Standards were defined as rules relating to programs or advertisements and having the force of a licence condition.

But only if the complaint was ‘legitimate’ (ie, not frivolous, vexatious or an abuse of the complaints process) Subsection 123(1) of the Act states that it is the intention of Parliament that industry groups representing commercial broadcasting licensees (which includes commercial radio broadcasting licensees) ‘develop, in consultation with the Authority and taking account of any relevant research conducted by the Authority, codes of practice that are to be applicable to the broadcasting operations of each of those sections of the industry’.
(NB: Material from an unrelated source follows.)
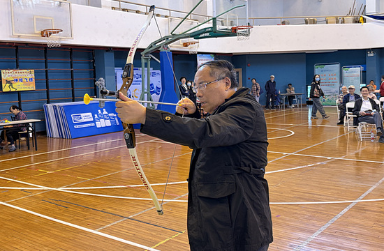 夏斯云张弓搭箭,启动离退休教职工第十三届程园健身趣味活动。孙文钧介绍了今年程园健身趣味活动内容并致辞。他表示,很高兴看到各位老领导、老同志们相聚一堂,预祝健身趣味活动圆满成功,愿大家身体健康,快乐每一天。
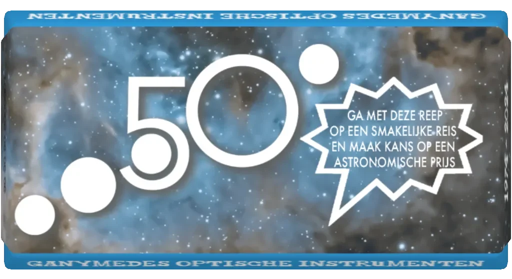 Ganymedes 50-jarig jubileum chocolade reep WIN ACTIE. Ga met deze reep op een smakelijke reis en maak daarmee kans op een astronomische prijs!

Subsection 123(4) of the Act states that the Authority must include a code of practice in the

Register of Codes of Practice if it is satisfied that:

♦ the code of practice provides appropriate community safeguards for the matters covered by the code; and ♦ the code is endorsed by a majority of the providers of broadcasting services in that section of the industry; and ♦ members of the public have been given an adequate opportunity to comment on the code.

The Act gives the Authority responsibility for monitoring the broadcasting industry. This includes monitoring compliance with codes of practice and monitoring the effectiveness of these codes in reflecting prevailing community standards and concerns. The Authority investigates complaints from the public that relate to a potential breach of a licence condition or the Act, as well as unresolved complaints from the public that relate to a code or codes of practice.

With regard to a breaches of licence conditions or the Act, the Authority has various powers

including, in certain circumstances, the power to:

♦ issue a notice requiring the offending broadcaster to take action to ensure compliance; or ♦ refer the matter to the Director of Public Prosecutions; or ♦ suspend or cancel a licence; or ♦ impose an additional condition on the licence.

It should be noted that a breach of a code of practice is not a breach either of a licence condition or of the Act. In an appropriate case, the Authority has the power under section 43 of the Act to vary or revoke a condition of a broadcaster’s licence or impose an additional condition on the licence.

Schedule 2 of the Act sets out a number of mandatory licence conditions relating to content, including rules governing election advertising and the broadcasting of political matter. While the Authority cannot alter these mandatory conditions, it does have the power under the Act to impose additional conditions.